Nine years after the advent of Company Builders in Germany we were curious about how their business model is evolving. Rocket Internet, publicly listed since 2014, is dominating the public perception, of course. According to CB Insights’ unicorn list (an unicorn is a private company valued at USD 1 bn or above), there are four unicorns in Germany – two of which have been launched by Rocket Internet. But what about the other Company Builders in Germany?
We identify 13 independent Company Builders (excluding Rocket Internet) with 82 active startups in their portfolios, not counting failed or exited startups. 39% of all startups have e-commerce, marketplace or SaaS business models. 2014 was the most active year for Company Builders – 30% of their portfolio companies have been founded then. What is surprising: in the last two years the company building activity was dropping significantly. In 2015 and Q1-3 2016 only four Company Builders have been active at all.
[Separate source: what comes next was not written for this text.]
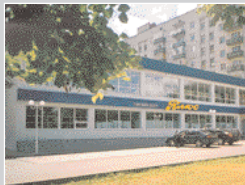
Торговий центр «ПЛЮС»
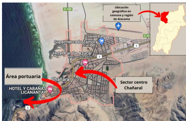
Figura 1: Ubicación de Chañaral. Ubicación del territorio urbano y área costera.

La comuna de Chañaral es una localidad la cual se encuentra ubicada en la región de Atacama, se localiza en el norte chico de Chile donde está ubicado a 167 km. al noroeste de la ciudad de Copiapó, la comuna cuenta con una superficie de 24.436,2 km. Chañaral junto con la comuna de Diego de Almagro conforman la provincia de Chañaral, siendo también capital de esta unidad territorial. (Ilustre Municipalidad de Chañaral, 2023). La provincia de Chañaral se encuentra situada al norte de la Región de Atacama, se extiende entre el litoral marino y la cordillera de los Andes, en el extremo sur del desierto de Atacama. Se encuentra a 167 km de Copiapó y a 969 km de Santiago (González, 2018, p. 1).

Are Company Builders failing to deliver returns for their investors and hence, cannot raise more capital? The jury is probably still out. Just like in venture capital, where funds have mostly a 10-year lifetime and are most active investors in the first three to five years, Company Builders have similar lifecycle stages.
In the next years, we expect to see new Company Builders coming up in two forms. First, Strategic Company Builders (one example in our data set is FinLeap, a player purely focused on building FinTech companies): not only is it easier to raise money from strategic investors, they also can yield synergies in their operational model due to domain expertise and – when large enough – even create ecosystem synergies between their portfolio companies. Second, corporates (formerly “only” in a strategic investor role) evolve in their operational model on how to tackle innovations and form Captive Company Builders. There have been some failed attempts in the past, e.g. in Media: Holtzbrinck and ProSiebenSat.1. However, we believe it is a natural part of a corporate evolution into tech-driven business models and we see new examples across many industries already, e.g. Robert Bosch Start-up, Allianz X or Main Incubator (subsidiary of Commerzbank).